Hey guys... not in the greatest of moods. Had a massive argument with my friend Mina on Sunday, and she is now hanging out with the "populars". You know. Those kinds of people. And they were picking on some poor Year 5 and I stepped in and told Mina to shut up and she said "Who're you?" My life is so messed up. So if this chapter is sane, that's why. Sorry for unloading all my troubles on you.

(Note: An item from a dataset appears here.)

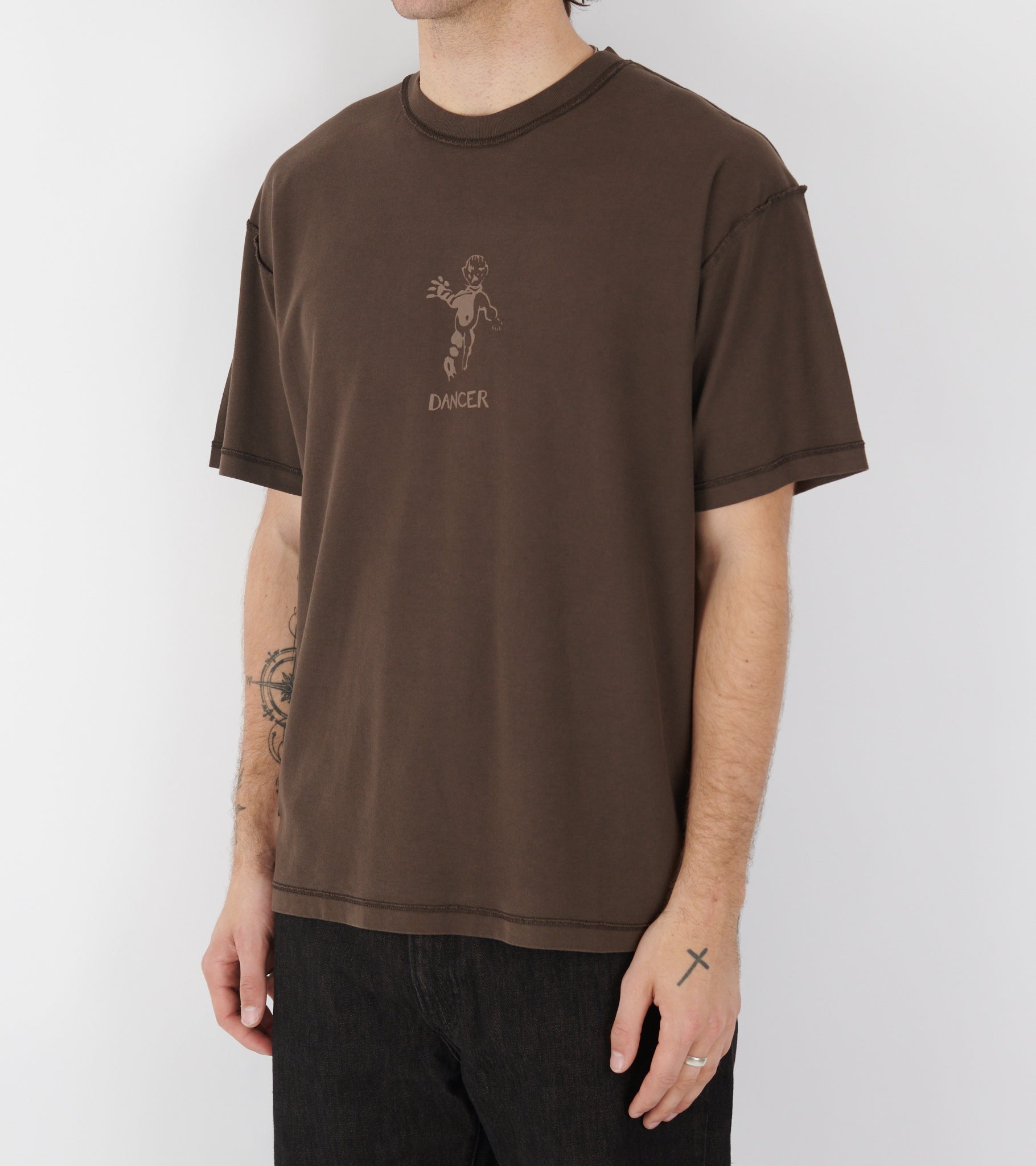 Mørkebrun garment dyed t-shirt fra Dancer. T-shirten har 'inside-out' design med udvendige syninger.

Now, just across from where JVJ was foaming at the mouth, a bishop was eating his lunch. Or breakfast. Or dinner. It depends what kind of day you're visualising. But, for the sake of sanity, let's just say it's breakfast. So, um, yes, where were we, bishop eating Shredded Wheat with a special ingredient in it. Said bishop saw JVJ foaming at the mouth, and said:

"Poor guy! He looks really tasty - um, I mean friendly as well!" JVJ heard the bishop, and was not at all disturbed by the fact he had been called "tasty". He saw this bishop eating Shredded Wheat, and thought - BREAD! So he walked over and said:

"Excusez moi, sil vous plait, please get your big butt out of my way!" The bishop was only partially offended by this, thinking If I'm going to eat - I mean greet - him anyway, it won't make much of a difference whether he's rude or not!. So he invited JVJ into his home. Which was a bit of a cool home, if you ask me. I mean, it had freaking stained glass windows! And stuff. But JVJ was in brick mode, so he thought it was a bit of a crap home. Which the bishop didn't really care about because he was going to eat - greet - this dude anywhoo.

The bishop served up JVJ bread, more bread, white bread, wholemeal bread, granary bread, brown bread, bagels, English muffins, crumpets and pitta bread. JVJ ate these up in about two minutes, which didn't give the bishop anytime to season - I mean reason - with him. JVJ, soon began eating the silverware, simply because he was hungry. What quickly followed was two policemen, randomly walking in on the situation and arresting JVJ for eating silverware. Which JVJ was much offended by, I mean, it's not like there's a law saying he can't eat silverware. And if there was the very least people could do was to tell him about it. Meanwhile, the bishop was cooking bolognese sauce, because he had heard that the very best sauce to go with men - I mean beans - was bolognese. He waved the policemen away, saying it was his snack - I mean chap - but, if there was any, they could have the leftovers. The bishop took out his fork and stuck it in JVJ's leg.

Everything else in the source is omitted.